At their best, such statements come off as trite platitudes that permit you off the hook so you don’t need to affect other people’s feelings. At their most horrible, these comments end up shame and blame people who are often dealing with incredibly difficult situations.
Toxic positivity can in fact harm people who are going through hard times. Rather than having the ability to share genuine human emotions and gain unconditional support, people find their feelings dismissed, ignored, or outright invalidated.
• It’s shame: When someone is misery, they need to know that their emotions are valid, but that they can find relief and love in their friends and family. Toxic positivity tells people that the emotions they are feeling are unacceptable.
• It causes fault: It sends a message that if you aren’t finding a way to feel positive, even in the face of calamity, that you are doing something wrong.
• It avoids authentic human emotion: Toxic positivity functions as an avoidance mechanism. When people engage during this sort of behavior, it allows them to sidestep emotional situations which may make them feel uncomfortable. But sometimes we turn these same ideas on ourselves, internalizing these toxic ideas. When we feel difficult emotions, we then discount, dismiss, and deny them.
• It prevents growth: It allows us to avoid feeling things that might be tender, but it also denies us the ability to face challenging feelings that can ultimately lead to growth and deeper insight.

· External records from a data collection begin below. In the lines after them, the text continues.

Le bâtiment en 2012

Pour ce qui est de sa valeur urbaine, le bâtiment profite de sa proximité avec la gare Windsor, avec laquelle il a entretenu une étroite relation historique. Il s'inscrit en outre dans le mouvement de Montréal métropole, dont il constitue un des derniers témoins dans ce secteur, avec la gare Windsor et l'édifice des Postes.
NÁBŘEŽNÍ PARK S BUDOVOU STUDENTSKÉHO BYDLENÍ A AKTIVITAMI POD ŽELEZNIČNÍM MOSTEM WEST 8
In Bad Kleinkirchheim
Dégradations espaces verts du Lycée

• The “positive vibes only” mantra can be particularly jarring during times of intense personal distress. When people are dealing with situations like financial troubles, job loss, illness, or the loss of a beloved , being told that they have to seem on the bright side can seem downright cruel.
Toxic positivity can often be delicate, but by learning to allow the signs can assist you better identify this sort of behavior. Some signs include:
• Brushing off problems rather than in front of them
• Feeling guilty about being sad, angry, or dissatisfied
• Hiding your true feelings behind feel-good speech marks that seem more socially acceptable
• Hiding or disguise how you really feel
If you’ve been precious by toxic positivity—or if you recognize this kind of behavior in yourself— there are things that you can do to develop a healthier, more supportive approach. Some ideas include:
• It’s okay to feel more than one item. If you’re facing a challenge, it’s possible to feel nervous about the longer term and also hopeful that you simply will succeed. Your emotions are as complex because the situation itself.

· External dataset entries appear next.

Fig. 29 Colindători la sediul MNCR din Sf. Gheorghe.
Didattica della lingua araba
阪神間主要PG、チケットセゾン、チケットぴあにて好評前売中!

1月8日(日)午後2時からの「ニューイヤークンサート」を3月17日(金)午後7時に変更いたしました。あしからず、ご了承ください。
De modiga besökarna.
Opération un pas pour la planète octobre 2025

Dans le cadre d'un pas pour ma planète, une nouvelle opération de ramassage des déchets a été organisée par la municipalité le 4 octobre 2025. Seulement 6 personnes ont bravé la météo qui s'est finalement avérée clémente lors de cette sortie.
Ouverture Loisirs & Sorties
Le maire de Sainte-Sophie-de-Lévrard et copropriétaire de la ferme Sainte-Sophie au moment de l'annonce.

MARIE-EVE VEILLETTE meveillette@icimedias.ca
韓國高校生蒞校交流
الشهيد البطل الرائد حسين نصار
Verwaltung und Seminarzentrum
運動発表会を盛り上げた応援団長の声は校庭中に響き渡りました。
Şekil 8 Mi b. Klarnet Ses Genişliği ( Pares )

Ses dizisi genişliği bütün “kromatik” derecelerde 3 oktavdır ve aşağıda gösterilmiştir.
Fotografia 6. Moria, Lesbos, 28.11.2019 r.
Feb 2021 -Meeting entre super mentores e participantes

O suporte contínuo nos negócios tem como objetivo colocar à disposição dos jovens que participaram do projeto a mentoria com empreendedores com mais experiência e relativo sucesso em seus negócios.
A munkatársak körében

• Focus on listening to others and show support. When someone expresses a difficult feeling, don’t shut them down with toxic platitudes. Instead, allow them to know that what they’re feeling is normal which you’re there to concentrate .
• Notice how you feel. Following “positive” social media accounts can sometimes function a source of inspiration, but concentrate to how you are feeling after you view and interact with such content. If you’re left with a way of shame or guilt after seeing “uplifting” posts, it’d flow from to toxic positivity. In such cases, judge limiting your social media consumption.
Give yourself permission to feel your feelings. in its place of trying to avoid difficult emotions, give yourself permission to feel them. These feelings are real, valid, and important. They can provide information and assist you see things a few situation that you simply got to work to vary .
This doesn’t unavoidably mean that you simply simply should act on every emotion that you feel. Sometimes it’s important to take a seat together with your feelings and provides yourself the time and space to process things before you’re taking action.
So once you are browsing something hard, believe ways to offer voice to your emotions during a way that’s productive. Write in a journal. Talk to a friend. Research suggests that just putting what you’re feeling into words can help lower the intensity of these negative feelings.